Cyber attacks can cut to the core of any organisation and have the potential to severely impact the reputation, performance, and finances of any organisation that experiences an incident, says Parisa Bazl.

Cumulatively, the cost is truly enormous, with one recent estimate putting the global annual cost of ransomware alone at $10.5 trillion by 2025.

Aside from the huge business impact these situations often generate, there is a worrying and often overlooked human element that can have serious personal consequences for those involved, in particular, employees targeted by cybersecurity threat actors and the cybersecurity professionals tasked with mitigating the impact of an attack. In either case, they can suffer from a range of serious and long-lasting harms, which, according to a study from the Royal United Services Institute (RUSI), includes everything from psychological, physical, and financial to reputational and social problems.
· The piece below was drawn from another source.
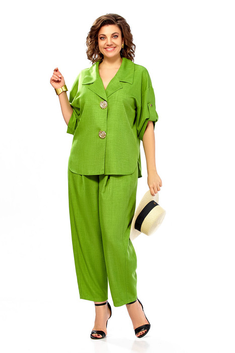 Шикарный костюм свободного силуэта. Застежка на две декоративные металлические кнопки. Воротник пиджачного типа. Рукав спущенный с патой, застегивающейся на пуговицу. Низ фигурной формы. Брюки свободные, зауженные к низу, с вертикальной вставкой вдоль бокового шва. По переду заложены односторонние складки. По спинке отрезная кокетка. Карманы в боковых швах. Верхний срез обработан притачным поясом.

As the RUSI study puts it, ransomware can ruin lives, with incidents reported to “have caused individuals to lose their jobs, evoked feelings of shame and self-blame, extended to private and family life, and contributed to serious health issues.”

Data published last year, for example, showed that nearly two-thirds of cybersecurity incident responders seek out mental health assistance due to the demanding nature of responding to cyber attacks. Elsewhere, a 2022 study revealed that one in seven security staff experiences trauma symptoms months after an attack, with one in five considering a job change as a result.

Cultural learning

So, what needs to change to turn this situation around? Key to the whole process is a clear understanding that everyone within modern, digitally-centric organisations can potentially be vulnerable to the impact of a security incident. At the heart of this approach is building an organisational culture that actively embraces opportunities for knowledge sharing and the role of strong communication in both preventing attacks and then mitigating their subsequent impact. Employees should not only share responsibility for effective cybersecurity but also play a supportive role in mitigating the fear and stigma victims will often experience.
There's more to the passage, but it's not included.